EXERCISE DIRECTIONS: Every line below from the one with "AI for Absolute" through the one with "The image showcases" is to be repeated exactly, with no picture among them.

DATASET RECORDS:

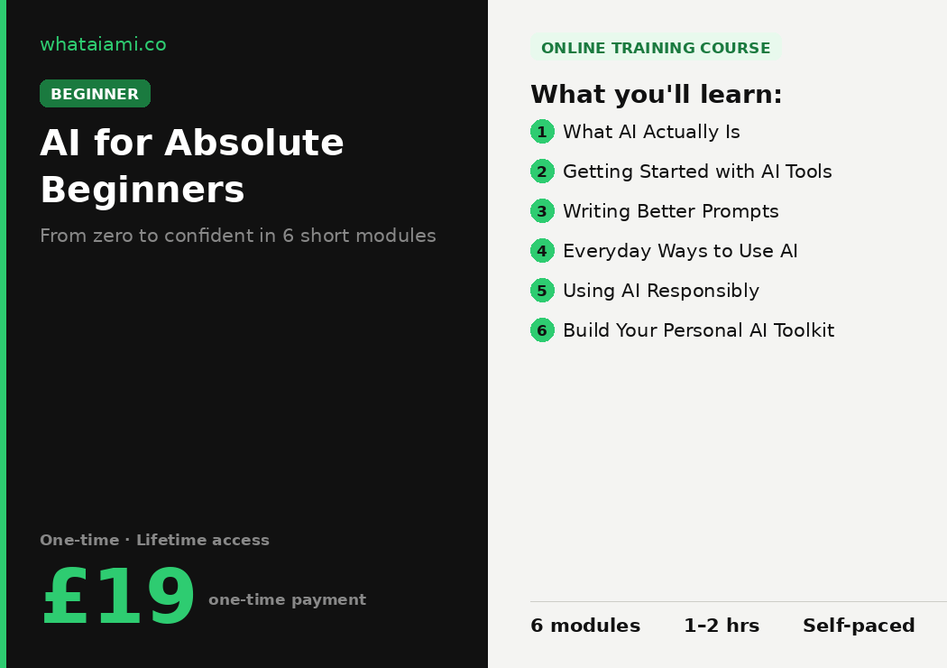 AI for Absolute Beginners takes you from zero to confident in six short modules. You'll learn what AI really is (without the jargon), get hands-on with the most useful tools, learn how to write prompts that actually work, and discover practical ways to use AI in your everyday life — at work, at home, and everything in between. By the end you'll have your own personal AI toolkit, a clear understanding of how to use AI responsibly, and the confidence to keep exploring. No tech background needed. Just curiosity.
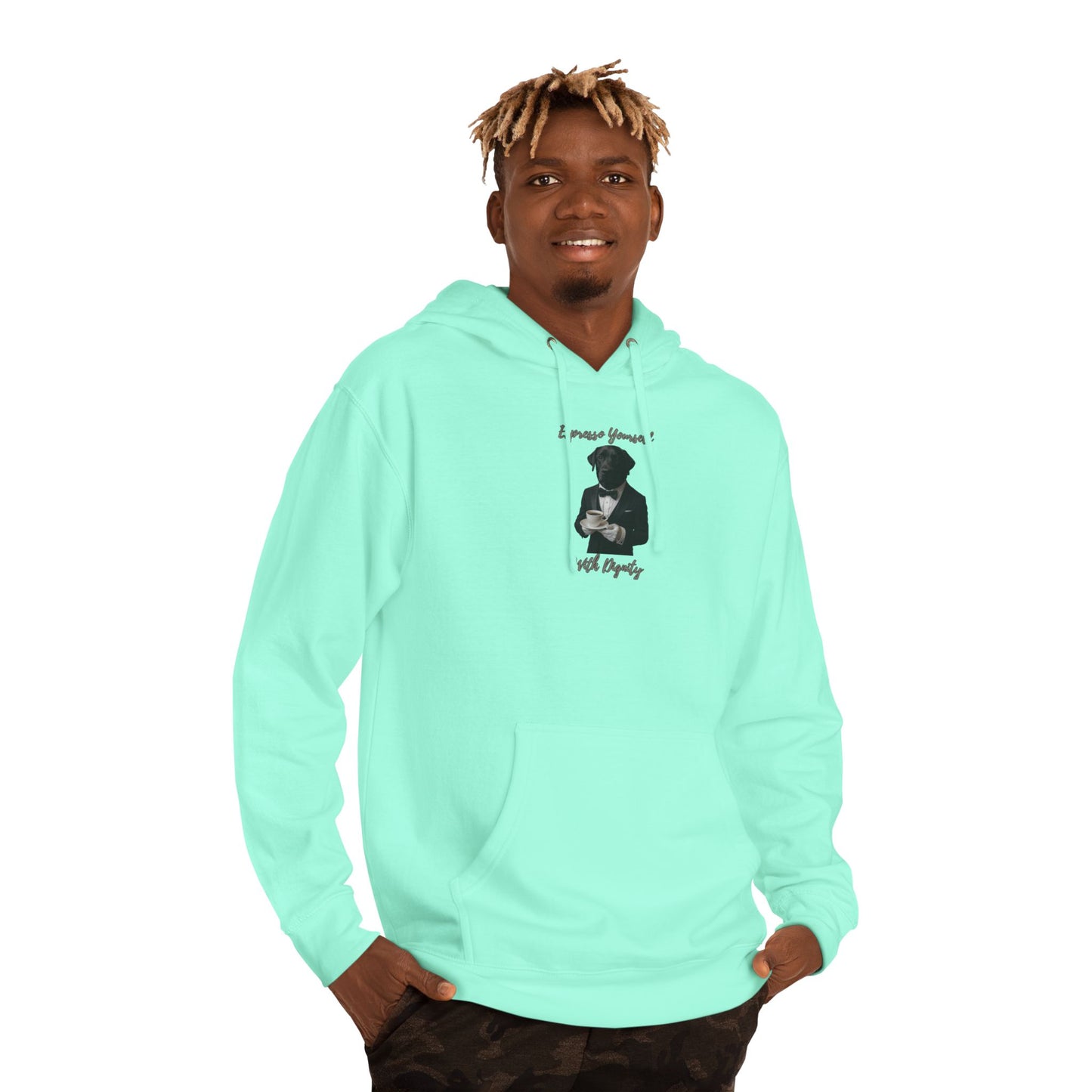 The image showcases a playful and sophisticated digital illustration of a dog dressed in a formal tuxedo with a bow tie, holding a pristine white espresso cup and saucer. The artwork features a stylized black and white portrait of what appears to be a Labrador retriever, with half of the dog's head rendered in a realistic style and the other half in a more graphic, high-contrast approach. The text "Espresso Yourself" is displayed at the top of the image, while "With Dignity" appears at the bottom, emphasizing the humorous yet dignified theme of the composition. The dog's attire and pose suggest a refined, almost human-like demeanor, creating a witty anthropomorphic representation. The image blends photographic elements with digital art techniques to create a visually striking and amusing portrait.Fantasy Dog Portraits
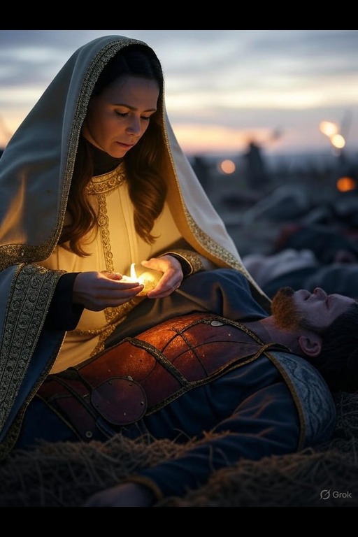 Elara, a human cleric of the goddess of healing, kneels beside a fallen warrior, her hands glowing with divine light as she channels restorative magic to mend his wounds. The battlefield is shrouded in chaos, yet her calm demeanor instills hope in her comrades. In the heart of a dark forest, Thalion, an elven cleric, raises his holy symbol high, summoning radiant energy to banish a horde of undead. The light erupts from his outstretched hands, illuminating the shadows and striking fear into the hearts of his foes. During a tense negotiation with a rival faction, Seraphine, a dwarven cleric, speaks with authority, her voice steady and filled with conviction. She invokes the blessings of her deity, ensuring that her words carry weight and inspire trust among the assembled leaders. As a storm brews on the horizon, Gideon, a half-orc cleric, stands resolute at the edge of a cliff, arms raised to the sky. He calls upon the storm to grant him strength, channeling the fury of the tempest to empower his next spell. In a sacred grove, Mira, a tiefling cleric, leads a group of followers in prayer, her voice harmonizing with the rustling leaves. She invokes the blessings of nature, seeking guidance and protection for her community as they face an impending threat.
---
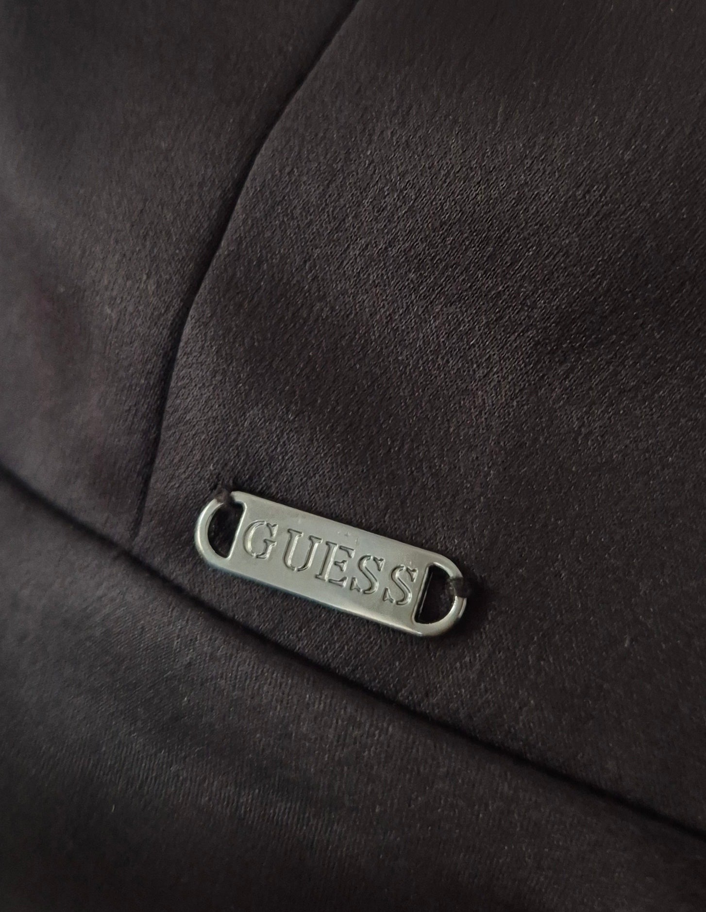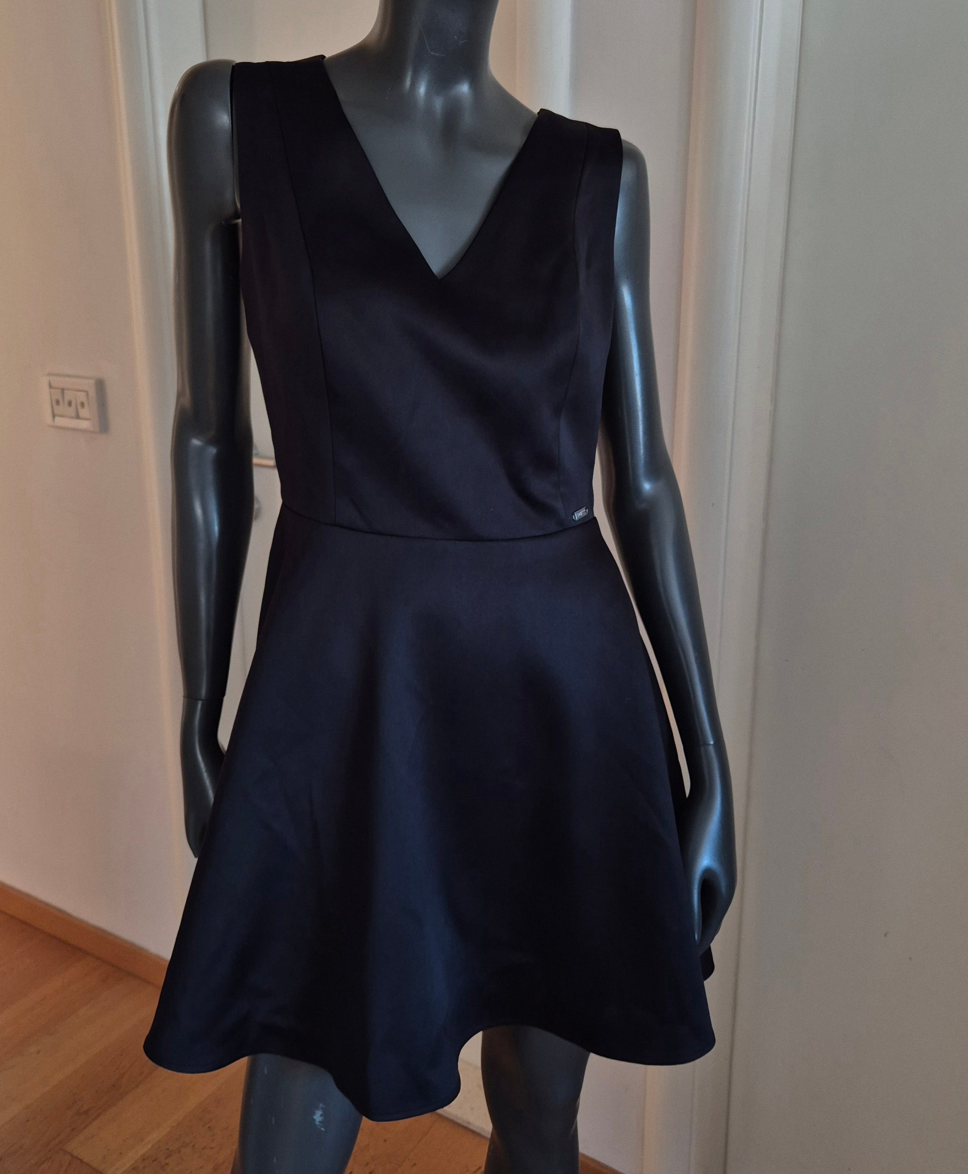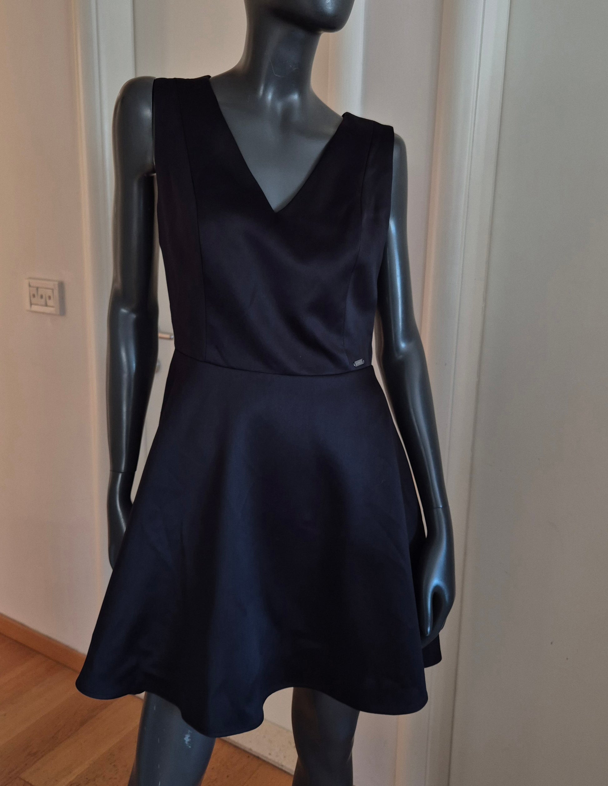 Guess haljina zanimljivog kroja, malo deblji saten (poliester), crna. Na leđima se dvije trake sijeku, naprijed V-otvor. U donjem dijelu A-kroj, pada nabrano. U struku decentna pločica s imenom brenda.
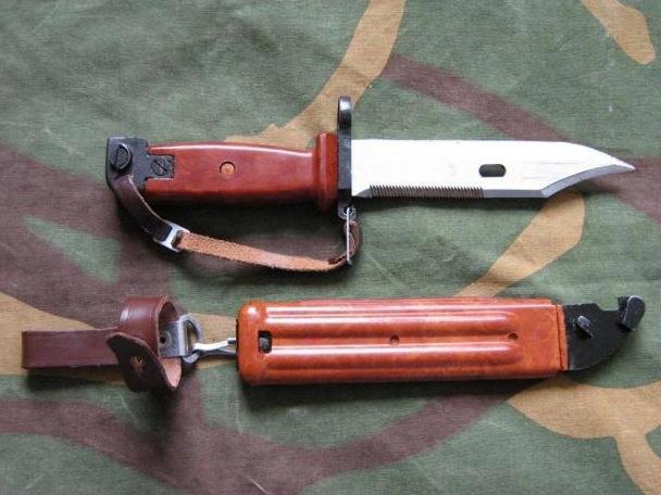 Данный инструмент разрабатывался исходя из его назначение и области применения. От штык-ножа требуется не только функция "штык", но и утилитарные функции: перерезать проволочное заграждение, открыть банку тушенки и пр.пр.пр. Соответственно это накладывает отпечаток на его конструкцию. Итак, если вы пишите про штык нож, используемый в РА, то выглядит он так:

TASK RESULT:
 AI for Absolute Beginners takes you from zero to confident in six short modules. You'll learn what AI really is (without the jargon), get hands-on with the most useful tools, learn how to write prompts that actually work, and discover practical ways to use AI in your everyday life — at work, at home, and everything in between. By the end you'll have your own personal AI toolkit, a clear understanding of how to use AI responsibly, and the confidence to keep exploring. No tech background needed. Just curiosity.
 The image showcases a playful and sophisticated digital illustration of a dog dressed in a formal tuxedo with a bow tie, holding a pristine white espresso cup and saucer. The artwork features a stylized black and white portrait of what appears to be a Labrador retriever, with half of the dog's head rendered in a realistic style and the other half in a more graphic, high-contrast approach. The text "Espresso Yourself" is displayed at the top of the image, while "With Dignity" appears at the bottom, emphasizing the humorous yet dignified theme of the composition. The dog's attire and pose suggest a refined, almost human-like demeanor, creating a witty anthropomorphic representation. The image blends photographic elements with digital art techniques to create a visually striking and amusing portrait.Fantasy Dog Portraits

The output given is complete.